Sie hustete, wieder öfter und regelmäßiger als normal. Wenn sie sich zur Seite beugte, um den blutigen Auswurf in die Schüssel, die er hingestellt hatte, zu spucken, konnte er Tränen in ihren Augen sehen. Sie kamen nicht von ihren Schmerzen. Sie schämte sich für ihren Zustand. Das konnte er spüren. Sie musste sich nicht schämen, dass hat er ihr tausendmal gesagt, sie müsse sich für überhaupt nichts schämen. Doch er wusste, wie oft er es auch sagte, die Scham würde weiter an ihr nagen. Er konnte ihr da nicht helfen. Und wenn er es nicht konnte, konnte es niemand.

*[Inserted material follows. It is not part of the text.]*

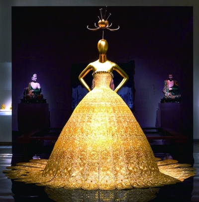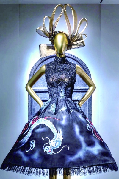 国际知名设计师和时尚前沿人物,如亚历山大·麦昆、伊夫·圣·罗兰、安娜·温图尔对中国的想象,都陈列在3层的展区中。圣罗兰晚装外套的肩饰灵感来自公元5世纪的中国青铜器,而迪奥晚礼服上的装饰则是中国书法。

„Wo gehst du hin?“ fragte sie, und mühte sich, aufrecht auf dem Bett zu sitzen.
„Ich hole deine Medizin, ich bin nicht lange weg. Kommst du solange zurecht?“
„Mir geht es gut“, sagte sie, und er wusste nicht ob er lachen oder weinen sollte.
„Was willst du mit dem Hammer?“ Sie konnte sehen, wie er sich das Werkzeug zwischen Gürtel und Hose klemmte.
„Ich hatte ihn von Thomas geliehen und bring ihn auf dem Weg gerade zurück. Ich hatte vergessen, wo unser Werkzeug lag.“, murmelte er.
„Wenn du es nochmal brauchst, es liegt im Keller oben auf dem grünen Schrank“
„Achjaaa,“ sagte er, fasste sich an den Kopf und lachte, „Da siehst du mal, wie ich ohne dich dran wäre“. Sie versuchte zu lächeln, er hätte sich am liebsten für den Satz geohrfeigt.
„Ich muss gehen“.
Draußen war es still. Es war immer still.
Er schloss die Haustür hinter sich und ging durch den Vorgarten zu seinem Auto. Über ihm hing eine nüchterne, weiße Wolkendecke. Früher fand er solch ein Herbstwetter deprimierend, inzwischen hat er andere Sorgen.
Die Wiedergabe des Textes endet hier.